▶ _STORED DATA_:
--
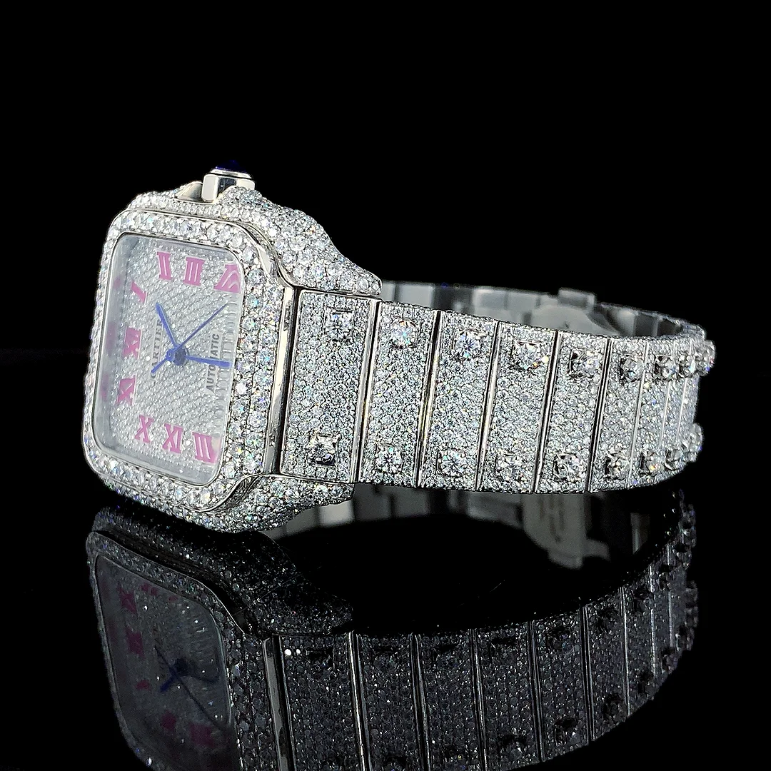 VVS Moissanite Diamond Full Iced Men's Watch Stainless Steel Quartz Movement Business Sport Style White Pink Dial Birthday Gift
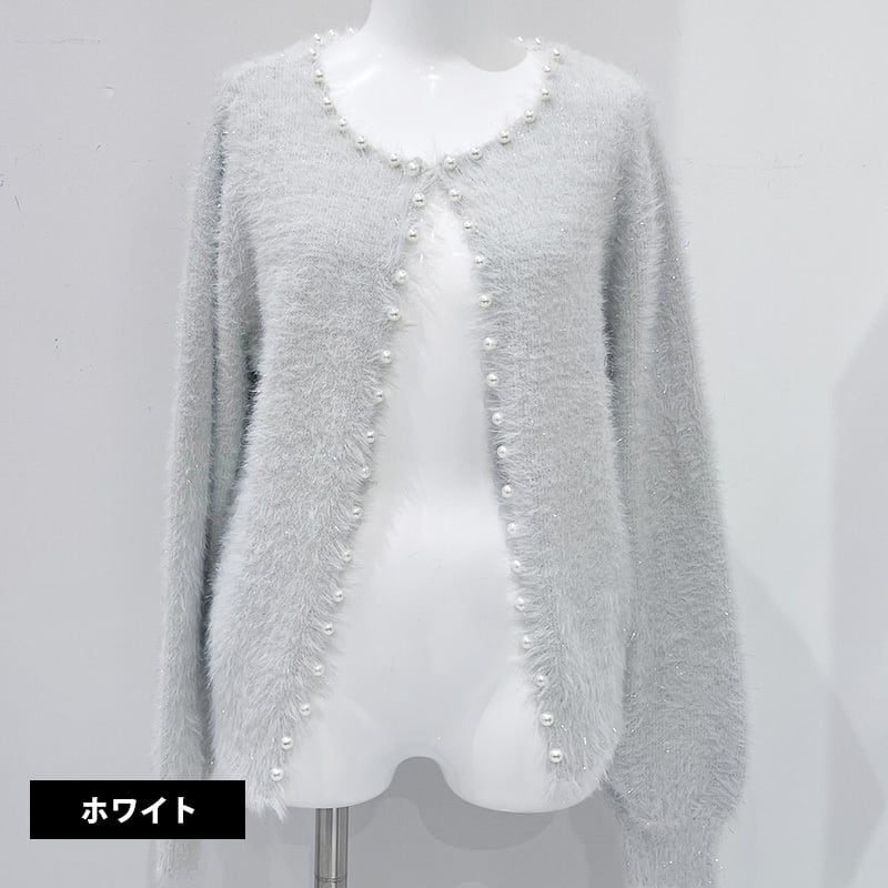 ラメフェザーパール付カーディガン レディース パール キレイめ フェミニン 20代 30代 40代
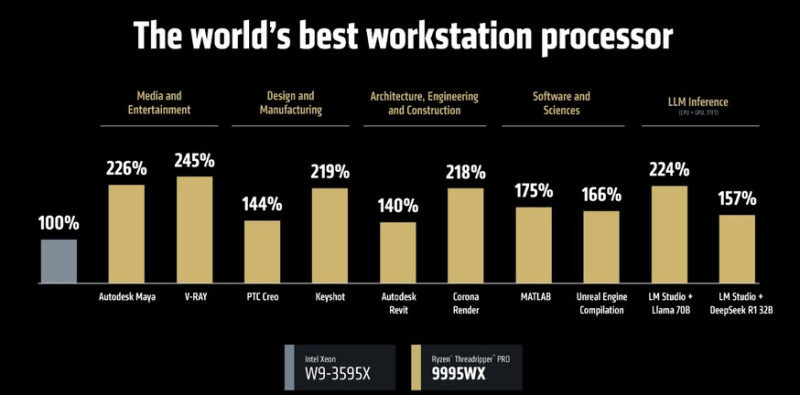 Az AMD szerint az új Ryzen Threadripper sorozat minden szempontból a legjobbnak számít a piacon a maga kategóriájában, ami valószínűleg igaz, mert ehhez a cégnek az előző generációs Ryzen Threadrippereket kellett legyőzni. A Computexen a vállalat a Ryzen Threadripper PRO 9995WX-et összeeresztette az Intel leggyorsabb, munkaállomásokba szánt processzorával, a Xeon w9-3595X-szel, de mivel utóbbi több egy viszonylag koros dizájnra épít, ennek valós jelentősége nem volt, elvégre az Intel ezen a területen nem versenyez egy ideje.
--
▶ _TASK STATEMENT_: Repeat the data word for word, excluding any image.

▶ _ANSWER FOR THIS EXERCISE_:
 VVS Moissanite Diamond Full Iced Men's Watch Stainless Steel Quartz Movement Business Sport Style White Pink Dial Birthday Gift
 ラメフェザーパール付カーディガン レディース パール キレイめ フェミニン 20代 30代 40代
 Az AMD szerint az új Ryzen Threadripper sorozat minden szempontból a legjobbnak számít a piacon a maga kategóriájában, ami valószínűleg igaz, mert ehhez a cégnek az előző generációs Ryzen Threadrippereket kellett legyőzni. A Computexen a vállalat a Ryzen Threadripper PRO 9995WX-et összeeresztette az Intel leggyorsabb, munkaállomásokba szánt processzorával, a Xeon w9-3595X-szel, de mivel utóbbi több egy viszonylag koros dizájnra épít, ennek valós jelentősége nem volt, elvégre az Intel ezen a területen nem versenyez egy ideje.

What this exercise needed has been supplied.